Source records

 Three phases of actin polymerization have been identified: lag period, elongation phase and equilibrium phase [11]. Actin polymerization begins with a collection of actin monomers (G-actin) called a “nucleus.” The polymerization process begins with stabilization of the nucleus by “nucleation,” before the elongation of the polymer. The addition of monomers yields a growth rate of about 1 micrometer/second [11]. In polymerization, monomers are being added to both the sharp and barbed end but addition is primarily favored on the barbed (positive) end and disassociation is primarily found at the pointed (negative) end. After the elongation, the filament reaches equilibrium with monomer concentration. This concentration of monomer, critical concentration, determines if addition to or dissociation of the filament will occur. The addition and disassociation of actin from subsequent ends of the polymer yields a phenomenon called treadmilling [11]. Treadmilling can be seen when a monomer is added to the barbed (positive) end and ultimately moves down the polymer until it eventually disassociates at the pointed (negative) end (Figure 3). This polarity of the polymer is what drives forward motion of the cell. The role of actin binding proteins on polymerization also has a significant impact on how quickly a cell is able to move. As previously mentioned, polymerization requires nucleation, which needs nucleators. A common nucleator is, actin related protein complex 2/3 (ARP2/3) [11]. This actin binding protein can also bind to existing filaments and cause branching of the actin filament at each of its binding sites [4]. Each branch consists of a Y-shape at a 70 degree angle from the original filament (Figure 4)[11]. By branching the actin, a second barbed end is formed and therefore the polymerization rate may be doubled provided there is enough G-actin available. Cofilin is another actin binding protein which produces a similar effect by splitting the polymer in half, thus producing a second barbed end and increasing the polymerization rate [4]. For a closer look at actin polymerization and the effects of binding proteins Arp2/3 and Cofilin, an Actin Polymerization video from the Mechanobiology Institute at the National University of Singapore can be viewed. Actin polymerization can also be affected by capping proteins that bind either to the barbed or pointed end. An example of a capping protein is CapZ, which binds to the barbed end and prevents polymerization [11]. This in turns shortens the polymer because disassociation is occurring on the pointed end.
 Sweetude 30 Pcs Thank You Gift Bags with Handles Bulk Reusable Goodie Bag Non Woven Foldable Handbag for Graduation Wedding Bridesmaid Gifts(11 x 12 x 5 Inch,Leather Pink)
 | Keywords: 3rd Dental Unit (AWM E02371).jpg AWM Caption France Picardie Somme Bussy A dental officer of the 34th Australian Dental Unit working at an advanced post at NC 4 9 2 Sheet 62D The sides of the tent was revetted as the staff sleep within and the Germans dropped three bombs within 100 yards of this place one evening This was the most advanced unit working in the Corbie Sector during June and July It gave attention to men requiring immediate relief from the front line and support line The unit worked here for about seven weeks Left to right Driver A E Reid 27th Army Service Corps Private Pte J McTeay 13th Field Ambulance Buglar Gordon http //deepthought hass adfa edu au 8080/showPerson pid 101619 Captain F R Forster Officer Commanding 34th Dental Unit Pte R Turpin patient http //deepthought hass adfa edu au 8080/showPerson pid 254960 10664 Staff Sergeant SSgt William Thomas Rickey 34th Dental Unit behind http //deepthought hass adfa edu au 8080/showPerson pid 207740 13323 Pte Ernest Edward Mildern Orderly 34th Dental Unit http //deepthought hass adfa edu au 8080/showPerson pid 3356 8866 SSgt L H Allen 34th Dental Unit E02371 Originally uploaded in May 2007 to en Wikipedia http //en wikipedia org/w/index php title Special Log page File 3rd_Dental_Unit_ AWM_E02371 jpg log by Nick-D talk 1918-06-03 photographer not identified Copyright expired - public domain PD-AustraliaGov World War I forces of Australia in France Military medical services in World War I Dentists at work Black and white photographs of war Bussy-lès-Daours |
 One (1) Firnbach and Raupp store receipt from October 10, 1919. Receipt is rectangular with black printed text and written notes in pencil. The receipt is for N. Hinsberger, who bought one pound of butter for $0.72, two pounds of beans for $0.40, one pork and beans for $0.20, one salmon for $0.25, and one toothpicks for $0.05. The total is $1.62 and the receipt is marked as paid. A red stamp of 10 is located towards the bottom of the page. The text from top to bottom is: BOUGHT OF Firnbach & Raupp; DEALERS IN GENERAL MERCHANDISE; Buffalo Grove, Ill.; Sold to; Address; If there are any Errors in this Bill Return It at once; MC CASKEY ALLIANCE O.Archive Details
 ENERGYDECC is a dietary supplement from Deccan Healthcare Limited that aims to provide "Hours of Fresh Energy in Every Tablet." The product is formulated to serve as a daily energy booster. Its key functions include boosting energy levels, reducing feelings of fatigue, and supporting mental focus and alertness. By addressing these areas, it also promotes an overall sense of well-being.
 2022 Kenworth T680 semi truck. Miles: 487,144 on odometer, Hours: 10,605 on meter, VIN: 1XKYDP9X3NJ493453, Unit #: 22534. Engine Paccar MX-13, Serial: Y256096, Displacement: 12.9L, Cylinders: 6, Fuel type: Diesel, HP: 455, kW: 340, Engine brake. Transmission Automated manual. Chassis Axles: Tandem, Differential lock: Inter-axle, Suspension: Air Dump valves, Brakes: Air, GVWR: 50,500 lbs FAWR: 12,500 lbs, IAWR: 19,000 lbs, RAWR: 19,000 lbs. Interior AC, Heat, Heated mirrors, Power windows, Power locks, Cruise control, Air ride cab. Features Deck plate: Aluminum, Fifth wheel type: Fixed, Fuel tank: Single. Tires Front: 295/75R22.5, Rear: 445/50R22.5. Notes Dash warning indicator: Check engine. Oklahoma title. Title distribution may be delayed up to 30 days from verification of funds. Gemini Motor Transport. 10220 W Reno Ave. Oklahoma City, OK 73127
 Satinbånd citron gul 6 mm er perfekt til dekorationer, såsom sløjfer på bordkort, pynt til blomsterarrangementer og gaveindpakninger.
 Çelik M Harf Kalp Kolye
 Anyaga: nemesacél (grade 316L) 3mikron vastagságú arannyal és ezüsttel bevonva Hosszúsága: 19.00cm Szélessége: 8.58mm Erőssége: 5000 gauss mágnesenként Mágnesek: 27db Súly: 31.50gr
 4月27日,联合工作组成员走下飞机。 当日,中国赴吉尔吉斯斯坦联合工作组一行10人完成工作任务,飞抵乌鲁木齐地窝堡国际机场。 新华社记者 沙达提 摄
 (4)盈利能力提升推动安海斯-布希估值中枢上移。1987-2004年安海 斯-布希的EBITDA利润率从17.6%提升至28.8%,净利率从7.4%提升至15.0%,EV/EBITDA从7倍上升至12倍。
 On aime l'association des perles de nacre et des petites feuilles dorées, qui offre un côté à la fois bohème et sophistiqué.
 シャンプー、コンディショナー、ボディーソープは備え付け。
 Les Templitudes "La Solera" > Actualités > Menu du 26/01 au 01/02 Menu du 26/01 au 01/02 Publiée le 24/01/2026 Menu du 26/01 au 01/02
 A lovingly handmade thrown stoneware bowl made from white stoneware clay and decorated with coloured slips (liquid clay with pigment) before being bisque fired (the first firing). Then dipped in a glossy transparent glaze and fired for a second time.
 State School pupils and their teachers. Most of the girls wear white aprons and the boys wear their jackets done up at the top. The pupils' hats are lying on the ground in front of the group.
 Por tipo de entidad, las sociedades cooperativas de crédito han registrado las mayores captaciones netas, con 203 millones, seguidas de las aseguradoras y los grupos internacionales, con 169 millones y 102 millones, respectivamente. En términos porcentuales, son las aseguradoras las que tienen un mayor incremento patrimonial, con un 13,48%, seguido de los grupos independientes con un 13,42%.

### [Task objective]
Return each line of the data above verbatim.

### [Task output]
 Three phases of actin polymerization have been identified: lag period, elongation phase and equilibrium phase [11]. Actin polymerization begins with a collection of actin monomers (G-actin) called a “nucleus.” The polymerization process begins with stabilization of the nucleus by “nucleation,” before the elongation of the polymer. The addition of monomers yields a growth rate of about 1 micrometer/second [11]. In polymerization, monomers are being added to both the sharp and barbed end but addition is primarily favored on the barbed (positive) end and disassociation is primarily found at the pointed (negative) end. After the elongation, the filament reaches equilibrium with monomer concentration. This concentration of monomer, critical concentration, determines if addition to or dissociation of the filament will occur. The addition and disassociation of actin from subsequent ends of the polymer yields a phenomenon called treadmilling [11]. Treadmilling can be seen when a monomer is added to the barbed (positive) end and ultimately moves down the polymer until it eventually disassociates at the pointed (negative) end (Figure 3). This polarity of the polymer is what drives forward motion of the cell. The role of actin binding proteins on polymerization also has a significant impact on how quickly a cell is able to move. As previously mentioned, polymerization requires nucleation, which needs nucleators. A common nucleator is, actin related protein complex 2/3 (ARP2/3) [11]. This actin binding protein can also bind to existing filaments and cause branching of the actin filament at each of its binding sites [4]. Each branch consists of a Y-shape at a 70 degree angle from the original filament (Figure 4)[11]. By branching the actin, a second barbed end is formed and therefore the polymerization rate may be doubled provided there is enough G-actin available. Cofilin is another actin binding protein which produces a similar effect by splitting the polymer in half, thus producing a second barbed end and increasing the polymerization rate [4]. For a closer look at actin polymerization and the effects of binding proteins Arp2/3 and Cofilin, an Actin Polymerization video from the Mechanobiology Institute at the National University of Singapore can be viewed. Actin polymerization can also be affected by capping proteins that bind either to the barbed or pointed end. An example of a capping protein is CapZ, which binds to the barbed end and prevents polymerization [11]. This in turns shortens the polymer because disassociation is occurring on the pointed end.
 Sweetude 30 Pcs Thank You Gift Bags with Handles Bulk Reusable Goodie Bag Non Woven Foldable Handbag for Graduation Wedding Bridesmaid Gifts(11 x 12 x 5 Inch,Leather Pink)
 | Keywords: 3rd Dental Unit (AWM E02371).jpg AWM Caption France Picardie Somme Bussy A dental officer of the 34th Australian Dental Unit working at an advanced post at NC 4 9 2 Sheet 62D The sides of the tent was revetted as the staff sleep within and the Germans dropped three bombs within 100 yards of this place one evening This was the most advanced unit working in the Corbie Sector during June and July It gave attention to men requiring immediate relief from the front line and support line The unit worked here for about seven weeks Left to right Driver A E Reid 27th Army Service Corps Private Pte J McTeay 13th Field Ambulance Buglar Gordon http //deepthought hass adfa edu au 8080/showPerson pid 101619 Captain F R Forster Officer Commanding 34th Dental Unit Pte R Turpin patient http //deepthought hass adfa edu au 8080/showPerson pid 254960 10664 Staff Sergeant SSgt William Thomas Rickey 34th Dental Unit behind http //deepthought hass adfa edu au 8080/showPerson pid 207740 13323 Pte Ernest Edward Mildern Orderly 34th Dental Unit http //deepthought hass adfa edu au 8080/showPerson pid 3356 8866 SSgt L H Allen 34th Dental Unit E02371 Originally uploaded in May 2007 to en Wikipedia http //en wikipedia org/w/index php title Special Log page File 3rd_Dental_Unit_ AWM_E02371 jpg log by Nick-D talk 1918-06-03 photographer not identified Copyright expired - public domain PD-AustraliaGov World War I forces of Australia in France Military medical services in World War I Dentists at work Black and white photographs of war Bussy-lès-Daours |
 One (1) Firnbach and Raupp store receipt from October 10, 1919. Receipt is rectangular with black printed text and written notes in pencil. The receipt is for N. Hinsberger, who bought one pound of butter for $0.72, two pounds of beans for $0.40, one pork and beans for $0.20, one salmon for $0.25, and one toothpicks for $0.05. The total is $1.62 and the receipt is marked as paid. A red stamp of 10 is located towards the bottom of the page. The text from top to bottom is: BOUGHT OF Firnbach & Raupp; DEALERS IN GENERAL MERCHANDISE; Buffalo Grove, Ill.; Sold to; Address; If there are any Errors in this Bill Return It at once; MC CASKEY ALLIANCE O.Archive Details
 ENERGYDECC is a dietary supplement from Deccan Healthcare Limited that aims to provide "Hours of Fresh Energy in Every Tablet." The product is formulated to serve as a daily energy booster. Its key functions include boosting energy levels, reducing feelings of fatigue, and supporting mental focus and alertness. By addressing these areas, it also promotes an overall sense of well-being.
 2022 Kenworth T680 semi truck. Miles: 487,144 on odometer, Hours: 10,605 on meter, VIN: 1XKYDP9X3NJ493453, Unit #: 22534. Engine Paccar MX-13, Serial: Y256096, Displacement: 12.9L, Cylinders: 6, Fuel type: Diesel, HP: 455, kW: 340, Engine brake. Transmission Automated manual. Chassis Axles: Tandem, Differential lock: Inter-axle, Suspension: Air Dump valves, Brakes: Air, GVWR: 50,500 lbs FAWR: 12,500 lbs, IAWR: 19,000 lbs, RAWR: 19,000 lbs. Interior AC, Heat, Heated mirrors, Power windows, Power locks, Cruise control, Air ride cab. Features Deck plate: Aluminum, Fifth wheel type: Fixed, Fuel tank: Single. Tires Front: 295/75R22.5, Rear: 445/50R22.5. Notes Dash warning indicator: Check engine. Oklahoma title. Title distribution may be delayed up to 30 days from verification of funds. Gemini Motor Transport. 10220 W Reno Ave. Oklahoma City, OK 73127
 Satinbånd citron gul 6 mm er perfekt til dekorationer, såsom sløjfer på bordkort, pynt til blomsterarrangementer og gaveindpakninger.
 Çelik M Harf Kalp Kolye
 Anyaga: nemesacél (grade 316L) 3mikron vastagságú arannyal és ezüsttel bevonva Hosszúsága: 19.00cm Szélessége: 8.58mm Erőssége: 5000 gauss mágnesenként Mágnesek: 27db Súly: 31.50gr
 4月27日,联合工作组成员走下飞机。 当日,中国赴吉尔吉斯斯坦联合工作组一行10人完成工作任务,飞抵乌鲁木齐地窝堡国际机场。 新华社记者 沙达提 摄
 (4)盈利能力提升推动安海斯-布希估值中枢上移。1987-2004年安海 斯-布希的EBITDA利润率从17.6%提升至28.8%,净利率从7.4%提升至15.0%,EV/EBITDA从7倍上升至12倍。
 On aime l'association des perles de nacre et des petites feuilles dorées, qui offre un côté à la fois bohème et sophistiqué.
 シャンプー、コンディショナー、ボディーソープは備え付け。
 Les Templitudes "La Solera" > Actualités > Menu du 26/01 au 01/02 Menu du 26/01 au 01/02 Publiée le 24/01/2026 Menu du 26/01 au 01/02
 A lovingly handmade thrown stoneware bowl made from white stoneware clay and decorated with coloured slips (liquid clay with pigment) before being bisque fired (the first firing). Then dipped in a glossy transparent glaze and fired for a second time.
 State School pupils and their teachers. Most of the girls wear white aprons and the boys wear their jackets done up at the top. The pupils' hats are lying on the ground in front of the group.
 Por tipo de entidad, las sociedades cooperativas de crédito han registrado las mayores captaciones netas, con 203 millones, seguidas de las aseguradoras y los grupos internacionales, con 169 millones y 102 millones, respectivamente. En términos porcentuales, son las aseguradoras las que tienen un mayor incremento patrimonial, con un 13,48%, seguido de los grupos independientes con un 13,42%.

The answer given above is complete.